Good work?
What do we want from work –
and how can we get it?
Professor Jennifer Howard-Grenville
introduces a new partnership between
the University of Cambridge and KPMG
on the Future of Work.
- This five-year Future of Work partnership will explore the trends and global issues affecting the world of work and develop interventions that will make a real difference to people's working lives.
- Starting with mental wellbeing, it will go on to cover a range of issues such as the impact of new technologies, the global distribution of work, and environmental, social and corporate governance (ESG).
- This initiative sits alongside KPMG’s global partnership with Cambridge Judge Business School to develop a bespoke ESG curriculum for all of KPMG's 227,000 staff worldwide.
"You're on mute."
In March 2020, this became an all too familiar refrain as our working lives were turned upside down. Many of us – although by no means all – were suddenly 'working from home', connected to the outside world through our computers.
By and large, we got on with it. There were upsides – and downsides. But, most of all, there were questions. We were collectively re-evaluating our working lives.
Before the pandemic, new trends had already started to emerge. Digital technologies were changing the way we were doing things from buying groceries to calling a cab. Organisations were becoming increasingly conscious of their responsibilities to the planet and to the wellbeing of their staff. Governments were becoming more concerned about growing inequalities between and within countries.
But these changes were incremental. Mostly we carried on behaving in the same way our parents, their parents, and generations before them, have done. We would get up and go to work.
Until the pandemic stopped us. Suddenly, we had an opportunity to take stock, to consider the forces of change already in train and to ask 'Where do we go from here?'
But to do that we need to recognise that we are in a state of transition. We are still tethered to a set of expectations and beliefs about work and life that are no longer fully relevant. At the same time, we are looking towards a more equitable, productive, meaningful, responsible and, dare I say it, more caring future.
The good news about this 'in-between' state is that it is also a space of incredible potential. We can not only dare to imagine – but for the first time in many of our lives – actually create the future we want.
Freed from expectations about, say, face-time at the office, expressing our true selves at work, or what contributes to productivity, we get to rewrite the rules. This once-in-a-generation opportunity cannot be wasted.
"Suddenly, we had an opportunity to take stock, to consider the forces of change already in train and to ask 'Where do we go from here?'"
"This once-in-a-generation opportunity cannot be wasted."
Our Future of Work initiative seizes this opportunity to launch ambitious, multidisciplinary research programmes on themes that must be explored, understood, and tackled in fundamentally new and evidence-led ways in order to deliver the future we want.
Mental wellbeing at work
The first issue the partnership will address is an urgent one – that of supporting and enhancing mental wellbeing for individuals, the current and future workforce and for society as a whole.
Professor Gordon Harold is leading the Mental Wellbeing programme for the partnership, with Professors Diane Coyle CBE and Sir John Aston.
Gordon explains: "Mental health is the bedrock of a healthy, productive and positive society.
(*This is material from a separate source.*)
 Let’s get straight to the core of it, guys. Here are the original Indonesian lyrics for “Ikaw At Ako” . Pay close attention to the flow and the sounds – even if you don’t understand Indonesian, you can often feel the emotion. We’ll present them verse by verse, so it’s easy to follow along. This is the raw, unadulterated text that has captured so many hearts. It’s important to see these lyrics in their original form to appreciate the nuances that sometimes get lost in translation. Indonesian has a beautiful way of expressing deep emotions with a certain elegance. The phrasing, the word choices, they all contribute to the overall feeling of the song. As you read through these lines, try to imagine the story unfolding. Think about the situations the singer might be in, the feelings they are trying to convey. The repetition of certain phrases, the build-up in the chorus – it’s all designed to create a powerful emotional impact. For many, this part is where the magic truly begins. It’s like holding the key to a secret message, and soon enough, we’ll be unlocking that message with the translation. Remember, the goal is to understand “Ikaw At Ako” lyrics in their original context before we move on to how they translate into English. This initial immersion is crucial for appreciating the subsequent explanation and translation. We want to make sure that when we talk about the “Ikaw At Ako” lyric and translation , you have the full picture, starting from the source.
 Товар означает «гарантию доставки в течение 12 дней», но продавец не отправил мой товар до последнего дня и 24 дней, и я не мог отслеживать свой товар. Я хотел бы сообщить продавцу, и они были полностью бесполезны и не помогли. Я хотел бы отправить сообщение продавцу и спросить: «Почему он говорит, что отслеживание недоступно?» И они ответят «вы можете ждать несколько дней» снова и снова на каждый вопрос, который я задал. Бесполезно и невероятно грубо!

It is estimated that 1 in 5 children and adults in the UK experience mental ill health and that by 2030 depression will be a leading cause of premature death and illness globally, costing an estimated $16 trillion dollars annually.
"According to a report published in February 2022, mental health problems are costing the UK economy at least £117.9 billion annually, equivalent to approximately 5% of the UK’s GDP.
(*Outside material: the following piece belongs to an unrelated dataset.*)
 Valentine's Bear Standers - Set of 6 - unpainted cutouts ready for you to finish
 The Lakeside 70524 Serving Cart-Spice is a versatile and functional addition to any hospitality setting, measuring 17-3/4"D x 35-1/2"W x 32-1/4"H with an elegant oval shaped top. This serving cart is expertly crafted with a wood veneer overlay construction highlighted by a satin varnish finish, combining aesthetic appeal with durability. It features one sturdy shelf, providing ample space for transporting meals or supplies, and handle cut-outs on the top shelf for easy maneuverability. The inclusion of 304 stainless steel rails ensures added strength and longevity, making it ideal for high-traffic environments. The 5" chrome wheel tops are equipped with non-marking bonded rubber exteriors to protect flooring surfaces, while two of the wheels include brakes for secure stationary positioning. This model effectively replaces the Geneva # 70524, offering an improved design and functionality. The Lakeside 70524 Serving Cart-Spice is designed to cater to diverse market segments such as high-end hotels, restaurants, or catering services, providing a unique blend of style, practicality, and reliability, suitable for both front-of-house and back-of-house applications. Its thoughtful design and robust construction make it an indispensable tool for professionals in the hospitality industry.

"Promoting positive mental health and supporting those who experience or are at risk of mental ill health is now a national and global priority. We know that 75% of serious mental illness in adulthood is in place before the age of 18 years, so starting to address this early is essential.
"This partnership will bring together researchers and experts across the fields of psychology, education, mathematics, economics, intervention and prevention science and other related academic and professional disciplines.
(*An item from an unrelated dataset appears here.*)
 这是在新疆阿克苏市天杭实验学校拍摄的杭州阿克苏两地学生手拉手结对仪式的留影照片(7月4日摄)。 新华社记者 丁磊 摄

"We will work directly with KPMG and their partners to offer a unique and innovative interdisciplinary research programme that will help us better understand the factors that affect mental wellbeing at work. It will also show how evidence-based support can positively affect individual mental wellbeing, enhance workplace productivity and promote a healthy workforce for the future."
“As we emerge from the pandemic to different ways of working, we are all being impacted by change and now more than ever, businesses will benefit from research and data to help them invest in the right areas to support their workforce, their organisations and to reflect a changing society.
Chris Hearld, Head of Regions at KPMG UK explains why the initiative is so important for KPMG. “Supporting the mental wellbeing of employees is a key issue in the new world of work for business leaders and this is the first pillar of research we will jointly explore.
"Promoting positive mental health and supporting those who experience or are at risk of mental ill health is now a national and global priority."
“Our partnership will research and identify what really works when it comes to supporting mental wellbeing in the workplace, addressing the current lack of data evidencing clear links between mental wellbeing policies and better employee health.
“By helping business leaders support their people to thrive at work, we intend to play a role in lifting productivity, delivering wider benefits to the economy and the people who work in it.”
Thriving people, successful organisations, fairer societies
Three core questions lie at the heart of the Future of Work:
- At the individual level: how will we achieve a resilient and productive workforce?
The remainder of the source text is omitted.